Judge of the United States District Court for the District of Massachusetts
- Incumbent
- Assumed office June 10, 2014
- Appointed by: Barack Obama
- Preceded by: Joseph L. Tauro

Chief Magistrate Judge of United States District Court for the District of Massachusetts
- In office 2012 – June 10, 2014

Magistrate Judge of the United States District Court for the District of Massachusetts
- In office April 11, 2005 – June 10, 2014

Personal details
- Born: 1961 (age 64–65) Hartford, Connecticut, U.S.
- Education: Yale University (BA) Columbia University (JD)

= Leo T. Sorokin =

American judge (born 1961)

Leo Theodore Sorokin (born 1961) is a United States district judge of the United States District Court for the District of Massachusetts and former United States magistrate judge of the same court.

==Biography==

Sorokin received a Bachelor of Arts degree, cum laude, in 1983 from Yale College. He received a Juris Doctor in 1991 from Columbia Law School. He served as a law clerk to Judge Rya W. Zobel of the United States District Court for the District of Massachusetts from 1991 to 1992. He worked in private practice at the law firm of Mintz, Levin, Cohn, Ferris, Glovsky and Popeo P.C., from 1992 to 1994.

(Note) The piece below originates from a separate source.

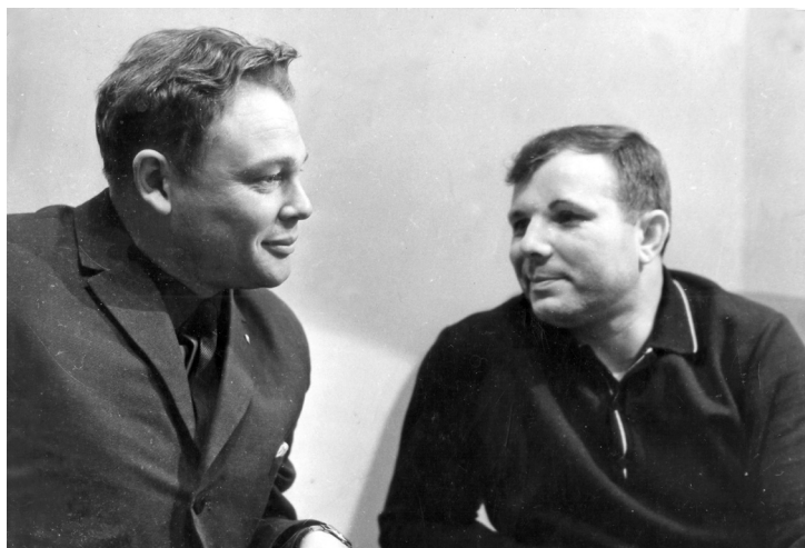
Два Юрия: Быков и Гагарин

Накануне в 1963 году Быков поступает в Школу лётчиков-испытателей при Лётно-Исследовательском Инсти-

From 1994 to 1996, he served in the Office of the Attorney General of Massachusetts as assistant attorney general and, from 1996 to 1997, as opinions coordinator in the same office. He served as an assistant federal public defender in Boston, from 1997 to 2005.

===Federal judicial service===

In 2005, he was appointed as a United States magistrate judge in the District of Massachusetts, becoming chief United States magistrate judge in 2012.

On December 19, 2013, President Barack Obama nominated Sorokin to serve as a United States district judge of the United States District Court for the District of Massachusetts, to the seat vacated by Judge Joseph L. Tauro, who assumed senior status on September 26, 2013. He received a hearing before the United States Senate Judiciary Committee on February 25, 2014. On March 27, 2014, his nomination was reported out of committee by a voice vote. On June 5, 2014, Senate Majority Leader Harry Reid filed for cloture on the nomination. On June 9, 2014, the United States Senate invoked cloture on his nomination by a 52–33 vote. On June 10, 2014, his nomination was confirmed by a 91–0 vote. He received his judicial commission on June 10, 2014.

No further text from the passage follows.